Unlike other big game animals, mountain goats, as befits their name, spend the entire year in the high country, rather than migrating to lower elevations as deer and elk tend to do.

Primus said the goats can survive the polar conditions in part because the combination of nearly incessant winds and steep terrain prevents snow from piling up in places. This allows the goats to dig through the scanty snow to find forage.

Because they spend most of their time on nearly vertical slopes, goats are well protected from most predators, Primus said.

Biologists have seen a few carcasses killed by cougars, he said.

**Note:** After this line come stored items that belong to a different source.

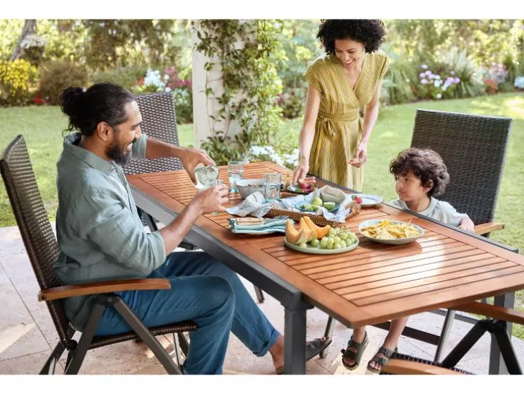 | Materiaal: | Frame: Aluminium, Bespanning: Kunststof, Armleuningen: Echt hout (Eucalyptus) |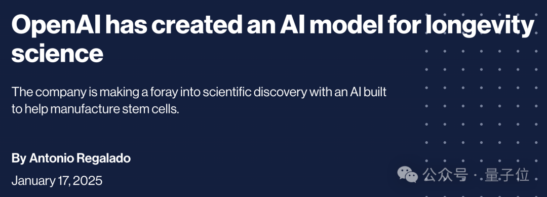 本文来自微信公众号:量子位(ID:QbitAI),作者:梦晨、西风,原标题《多活十年!OpenAI 为研究长寿推出 GPT-4b,联手清华大牛丁胜搞“细胞重编程”,奥特曼本人投资》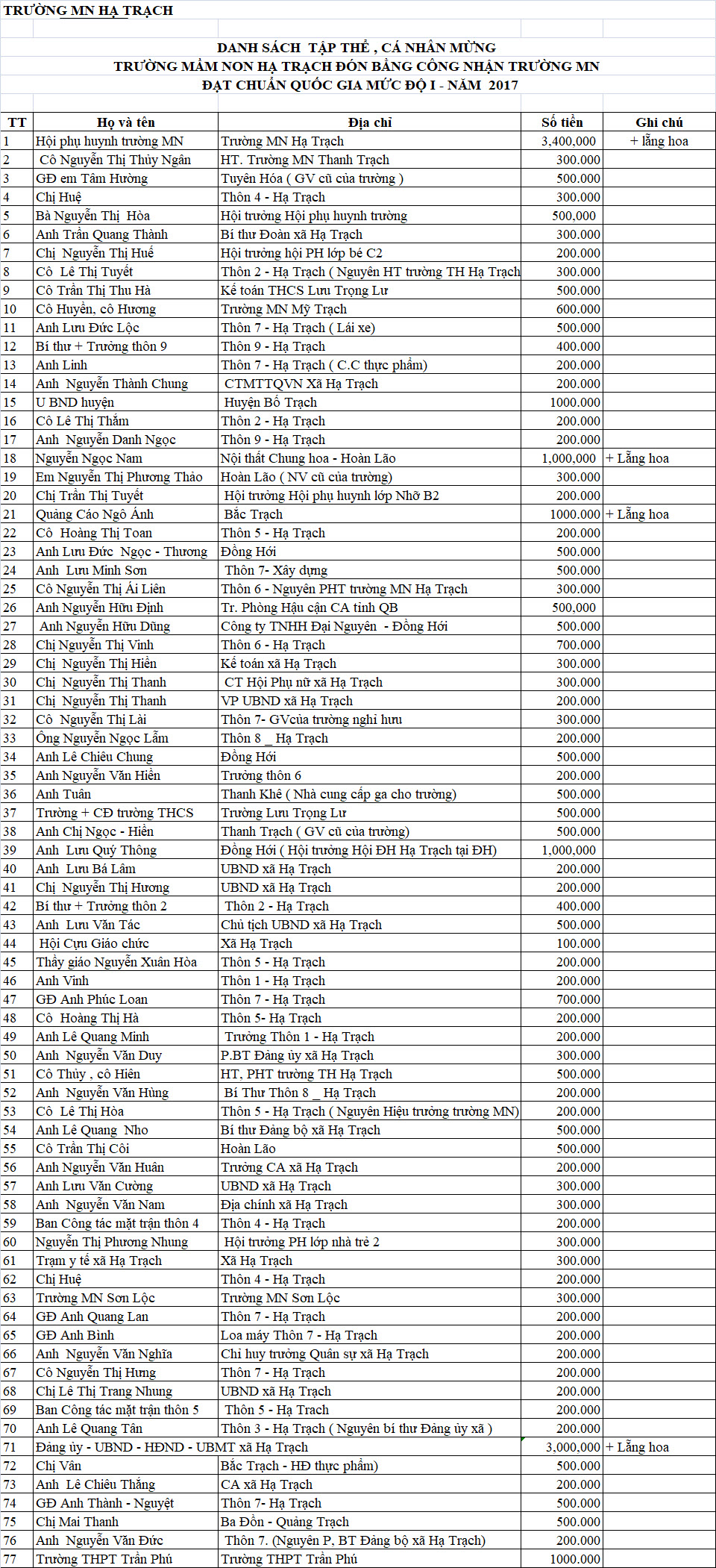 Danh sách tập thể và cá nhân ủng hộ nhà trường trước ngày lễ vui lòng xem tại đây http://caolaoha.com/?language=vi&nv=news&op=Hoat-dong-khuyen-hoc/Danh-sach-cac-tap-the-ca-nhan-ung-ho-truong-Mam-non-Ha-Trach-2158

There is no definitive evidence that mountain goats are native to Oregon.

ODFW started the herd in the Elkhorns by releasing 21 goats, trapped in Washington’s Olympic National Park and elsewhere, from 1983 through 1986.

The animals have thrived since.

The goats have proliferated to the point that, over the past 20 years or so, ODFW has trapped more than 150 goats near Goodrich Lake, in the Baker City watershed, and trucked them to other parts of Oregon and to other states.

Most of the goats were taken to the Wallowa Mountains. The Elkhorns have also served as the nursery for goat populations in the Strawberry Mountains south of Prairie City, the Mount Jefferson region in the central Cascades, and the Wenaha-Tucannon Wilderness in Union County.

— Jayson Jacoby

“I knew the Elkhorns very wel. When we were hunting elk we’d always see the goats.”